De tels propos tenus devant témoins à l’encontre d’une salariée autorisaient le licenciement de Monsieur C, cependant la faute grave est celle qui, par son importance, rend impossible le maintien du salarié dans l’entreprise, or les faits reprochés au salarié ne faisaient pas obstacle à son maintien dans l’entreprise pendant la durée du préavis d’autant que, suite à ces faits, Madame F a bénéficié d’un arrêt de travail.
Monsieur C est en droit d’obtenir le paiement des sommes suivantes :
* 3080,00 euros à titre d’indemnité compensatrice de préavis outre les congés payés,
* 1078,00 euros à titre d’indemnité légale de licenciement .

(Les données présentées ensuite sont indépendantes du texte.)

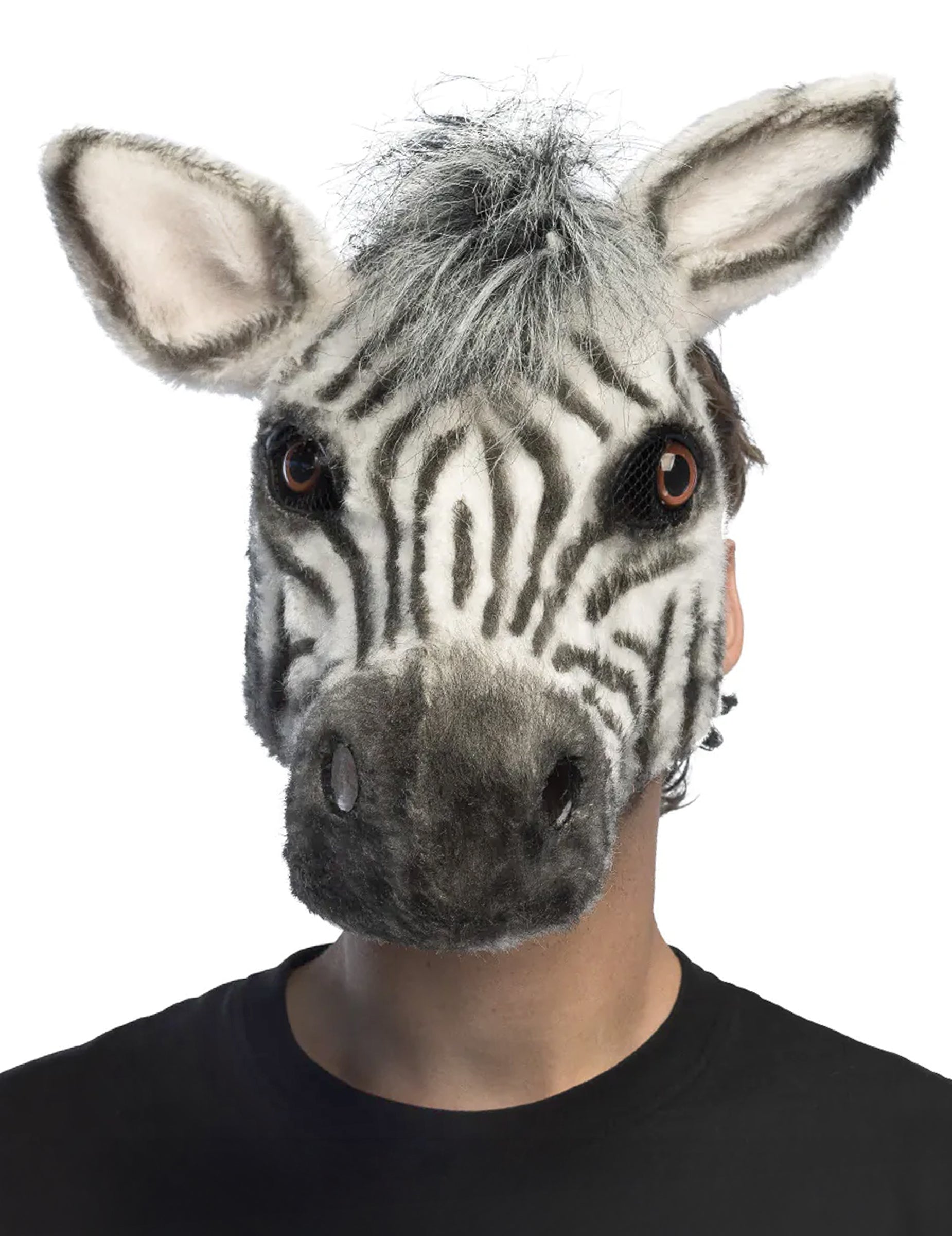 Acest Demi-mască din pluș zebră pentru adulți oferă un stil imediat recognoscibil datorită dungilor sale contrastante și botului lat. Acoperită cu pluș moale, prezintă urechi ridicate și o coamă ciufulită care accentuează aspectul animalic. O zonă discretă din plasă la nivelul ochilor permite o vizibilitate confortabilă, păstrând totodată aspectul de mască completă. Ușoară și plăcută la purtare, conferă o identitate de zebră pronunțată pentru carnaval sau petreceri tematice cu costume de animale.
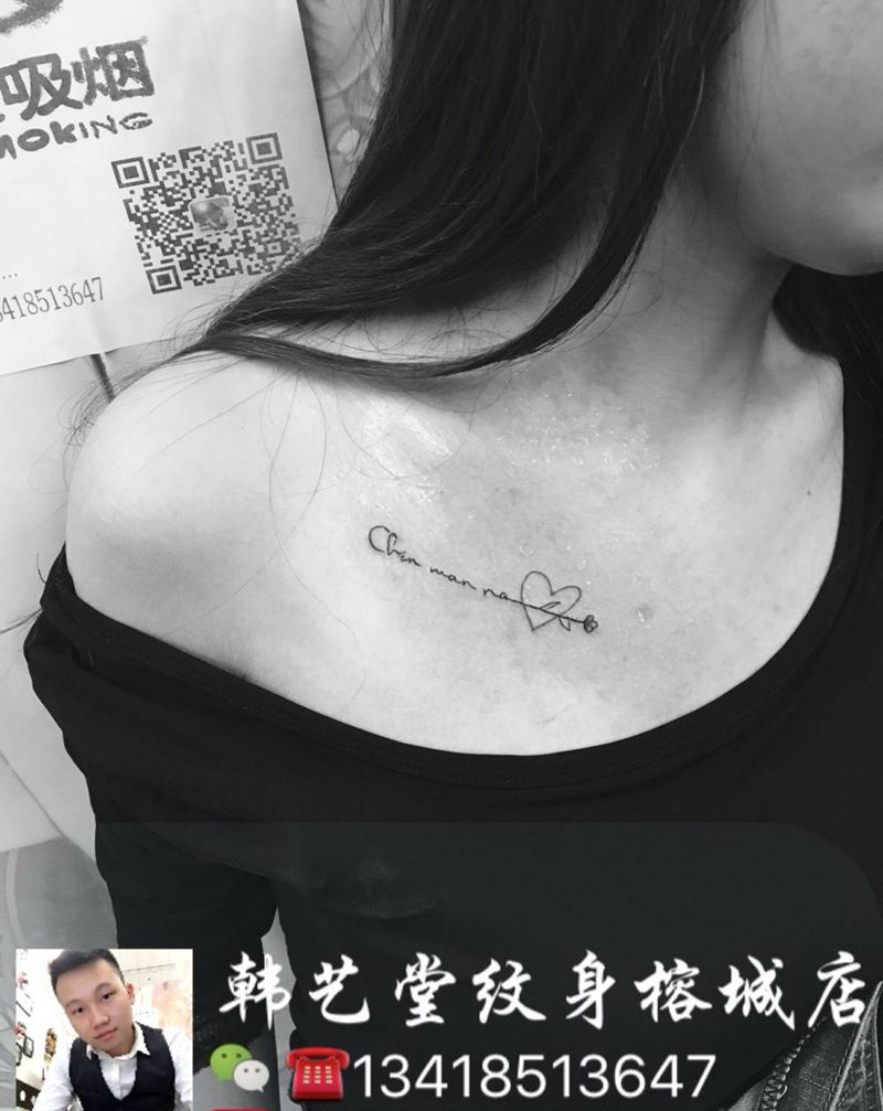 锁骨小清新纹身图片_成品胸部清新字符纹身图案
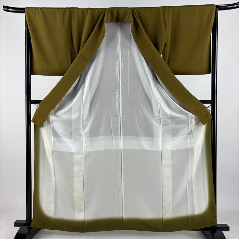 【江戸小紋】 茶系 茶緑色 逸品 B 約160cm~約169cm 裄丈65cm (M)size 袖丈48cm 7990-9980 二万以下
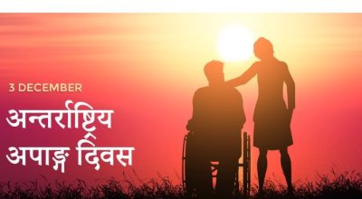 ‘अपाङ्गता समावेशी समाजको प्रवद्र्धनः सामाजिक उन्नतिको संवद्र्धन’ नाराका साथ यस वर्ष अपाङ्गता भएका व्यक्तिको ३४औँ अन्तरराष्ट्रिय दिवस मनाइएको छ । अपाङ्गता भएका नागरिकको हक अधिकार प्रवद्र्धनका लागि विश्वभर संयुक्त राष्ट्रसङ्घको पहलमा सन् १९९२ देखि हरेक वर्ष डिसेम्बर ३ तारिखका दिन अपाङ्गता भएका व्यक्तिको अन्तरराष्ट्रिय दिवस मनाउन थालिएको हो । दिवसले अपाङ्गता भएका व्यक्तिको अधिकार, समानता, समावेशिता र सम्मानलाई सुनिश्चित गर्ने साझा संकल्पलाई पुनः स्मरण गराएको छ ।
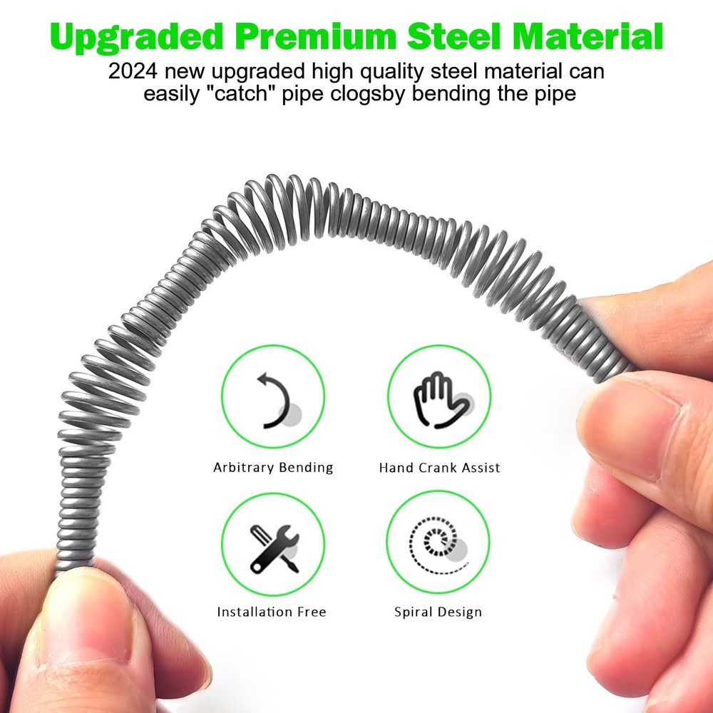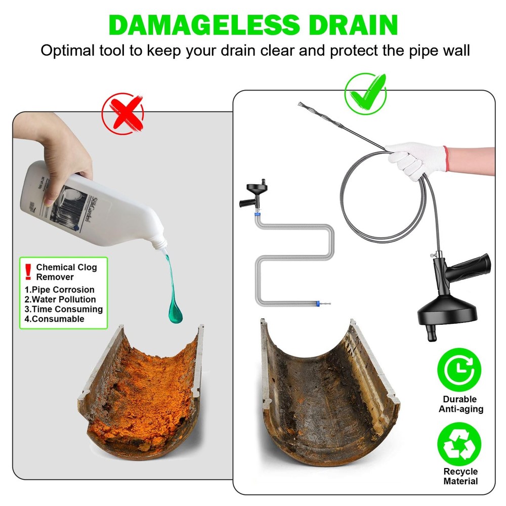 [33 Ft of Flexible Steel Wire Easier to Reach Difficult Clogs]: This professional plumbing snake drains auger comes with 33 ft of heavy-duty spring steel cable that goes beyond traps to remove most household clogs. Best highly effective power drum auger for unclogging drains and keeping your drains flowing smoothly. [Easy Operation and Detailed Operating Instructions]: The drain snake has an ergonomic pistol grip that simplifies use and makes for more comfortable handling. The flexible spring can be bent more than 90 degrees without breaking or kinking, which enable you to reach the sink clogs efficiently. Besides, if you don’t know how to use it, the detailed operating instruction will teach you how easy to do. [Professional and Multiple Use to Clear Most of Clogs]: You can flexibly adjust different lengths to adapt to various depths of drain pipes by whirling the screw switch and pulling the springs back and forth. Hence, the plumbing snake drain can be widely used in kitchen sinks, bathtubs, bathroom drains, sewers, and floor drains to solve most of the household clog problem. It is recommended not to use it in the toilet. [33 Ft of Flexible Steel Wire Easier to Reach Difficult Clogs]: This professional plumbing snake drains auger comes with 33 ft of heavy-duty spring steel cable that goes beyond traps to remove most household clogs. Best highly effective power drum auger for unclogging drains and keeping your drains flowing smoothly. [Easy Operation and Detailed Operating Instructions]: The drain snake has an ergonomic pistol grip that simplifies use and makes for more comfortable handling. The flexible spring can be bent more than 90 degrees without breaking or kinking, which enable you to reach the sink clogs efficiently. Besides, if you don’t know how to use it, the detailed operating instruction will teach you how easy to do. [Professional and Multiple Use to Clear Most of Clogs]: You can flexibly adjust different lengths to adapt to various depths of drain pipes by whirling the screw switch and pulling the springs back and forth. Hence, the plumbing snake drain can be widely used in kitchen sinks, bathtubs, bathroom drains, se [Easy Storage in Durable ABS Drum Housing]: The drain clog remover is made of High-impact ABS drum housing for long-lasting durability. The springs are made of high-quality carbon steel and can be easily stored in the drum to keep it tidy than others sink auger drain. Besides, the upgraded metal mouth reduces wear and it is simple to secure or loosen cable by adjusting stop screw. [Reusable Drain Auger Perfect for The Average Household]: The drain auger can clear clogged drains easily and safely. Effectively to remove sink clogs which usually caused by grease or overworked garbage disposers. It is better than to spending over hundreds of dollars in liquid drain removals or calling a plumber every time when you meet a clogged drain in your house. It is reusable and saving your money and time.
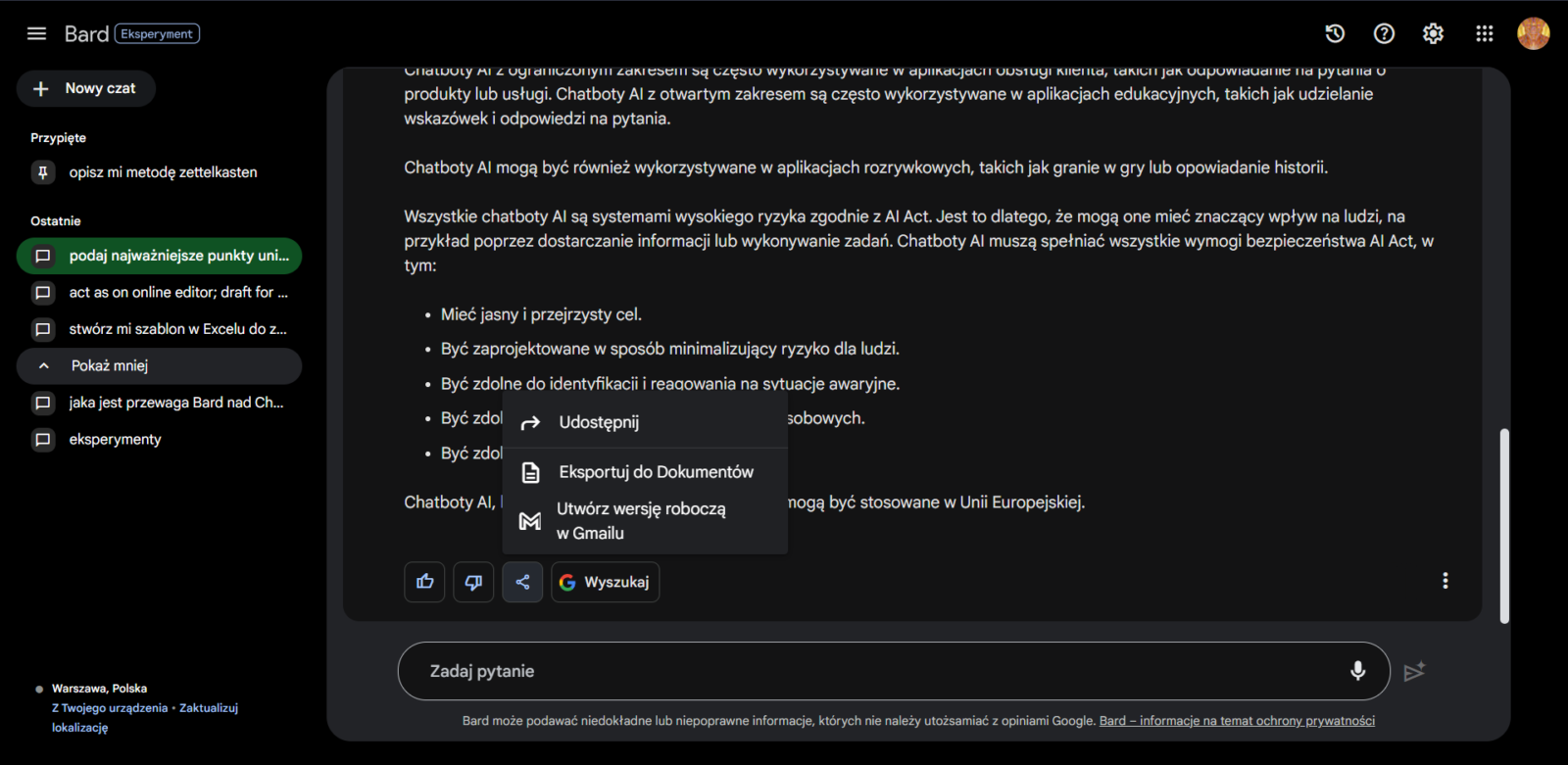 Przewaga ChatGPT nad Bardem zaznacza się póki co na urządzeniach mobilnych. Na razie chatbot Google nie doczekał się samodzielnej aplikacji (ma ją już z kolei ChatGPT dla telefonów z iOS na pokładzie). Obie usługi pozwalają na dzielenie się wygenerowanymi odpowiedziami, jednak Bard może dodatkowo eksportować treść prosto do Dokumentów, tabelę do Arkuszy albo wygenerowany draft wiadomości do Gmaila. Widać tu swoistą przewagę w zakresie ekosystemu Google.
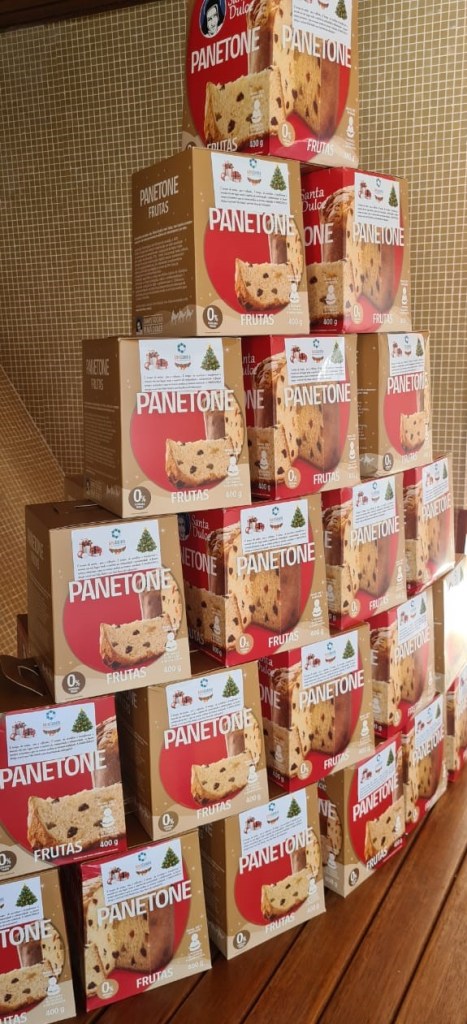 Assim, a aquisição dos panetones pela Associação ajudam tanto as Obras Sociais Irmã Dulce como as famílias que se beneficiaram com a Campanha de Apoio Social.
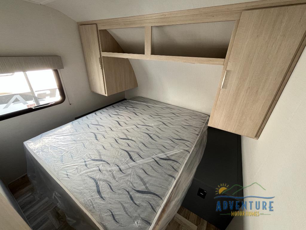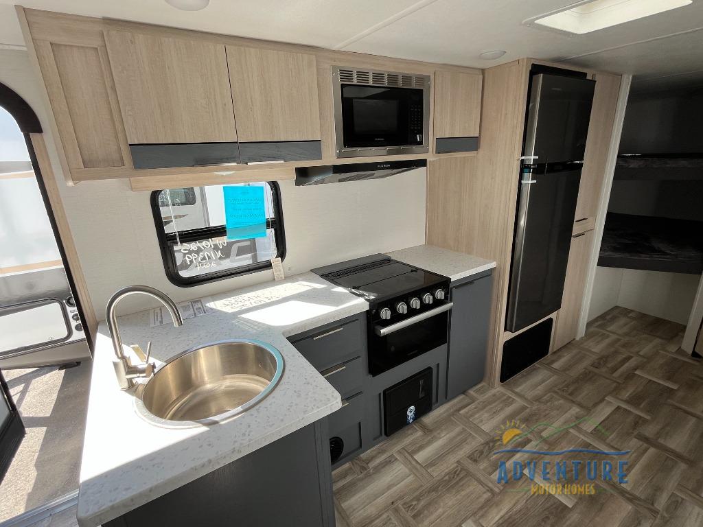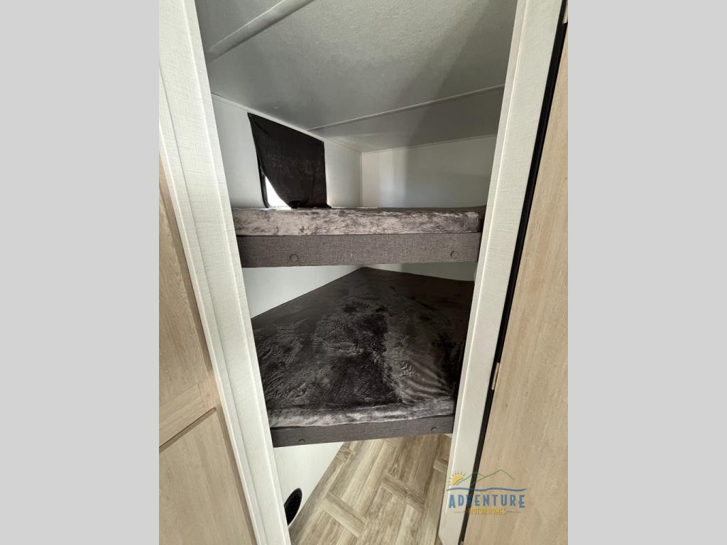 If you are looking for a trailer with double-size bunks and a private bedroom, you have found it! The queen bed and two wardrobes are behind a partial wall for added privacy. The double-size bunks are in the rear corner next to the full bathroom for convenience for the kids or your guests. And the L-shaped counter with a kitchen sink and full amenities sets up the cook nicely to be able to make meals for everyone. And you will love the extra floor space created by the booth dinette and sofa slide out.
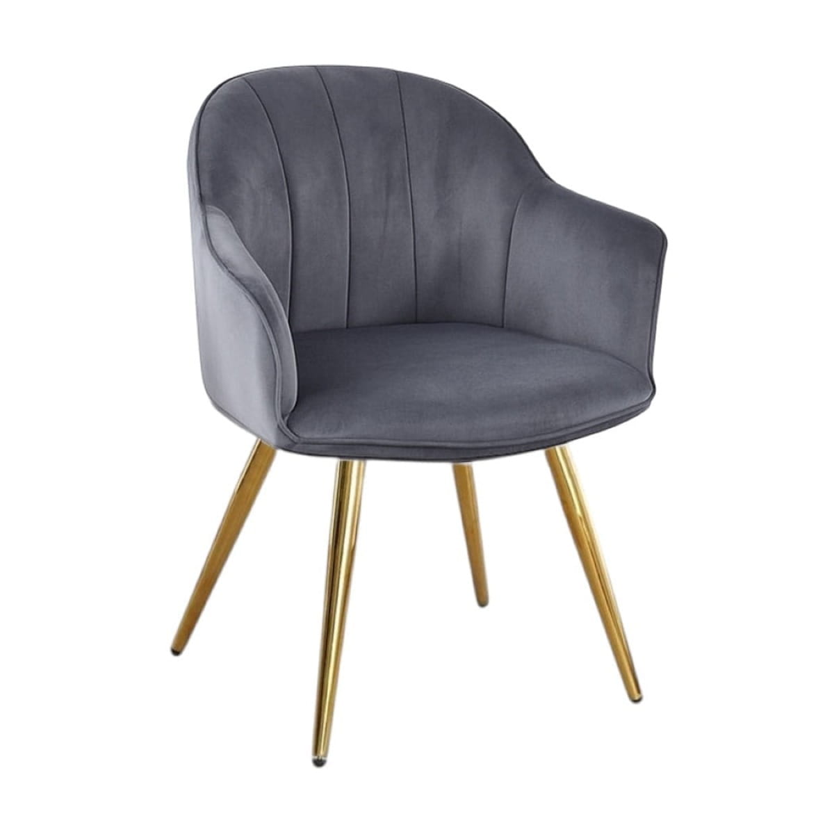 Fotel do jadalni z podłokietnikami Alaska ciemno szary, nogi złote tapicerowany pikowany welur
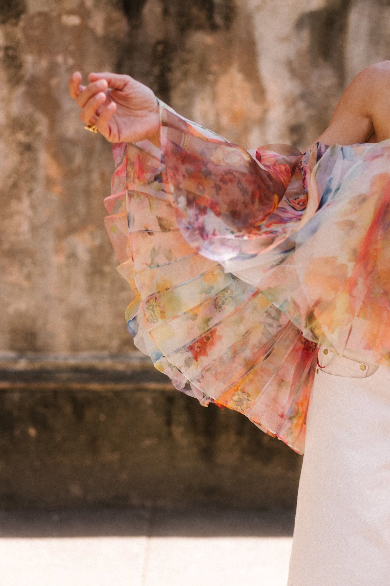 Il y a encore des volants placés le long de l'encolure, des manches ou de l'ourlet pour ajouter des détails ciblés. Le volume est mis en valeur par des manches plus amples, équilibrées par des lignes épurées sur le corps.
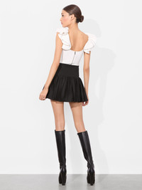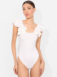 Your new go-to piece for summer. Crafted from sculpting nylon scuba, this off white bodysuit features romantic ruffled sleeves, a deep scoop neckline, and a thong snap closure for a smooth, seamless finish. Designed to contour and flatter, it hugs in all the right places while still feeling comfortable enough to wear all day. Pair it with everything from denim to full skirts- this one does the heavy lifting so you don’t have to. DETAILS - Bodysuit - Nylon scuba - Ruffled sleeves - Scoop neck - Thong bottom with snap closure - Back zipper closure - 94% nylon, 6% elastane - Dry clean only - Imported FIT - Model is 5'10" and wearing a size XS - Length from the shoulder: 23" - Fits true to size, take your normal size

L’équité commande de faire application des dispositions de l’article 700 du code de procédure civile et d’allouer à Monsieur C la somme de 2.500,00 euros à ce titre.
PAR CES MOTIFS
LA COUR
Vu l’arrêt de cassation du 5 janvier 2011,
Confirme le jugement du conseil de prud’hommes de Narbonne du 22 janvier 2009 en ce qu’il a annulé l’avertissement du 19 novembre 2007 infligé à Monsieur C,
Réforme pour le surplus et statuant à nouveau,
Condamne la société G à payer à Monsieur C la somme de 150,00 euros à titre de dommages et intérêts,
Sur les demandes nouvellement présentées en appel par Monsieur C,
Dit le licenciement de Monsieur C justifié par l’existence d’une cause réelle et sérieuse,
Condamne la société G à payer à Monsieur C les sommes de :
* 3080,00 euros à titre d’indemnité compensatrice de préavis outre les congés payés,
* 1078,00 euros à titre d’indemnité légale de licenciement.
Condamne la société G à payer à Monsieur C la somme de 2.500,00 euros par application des dispositions de l’article 700 du code de procédure civile,
Condamne la société G aux dépens d’appel.
Arrêt signé par Monsieur Gilles ROLLAND, Président, et par Madame Martine HAON, Greffier.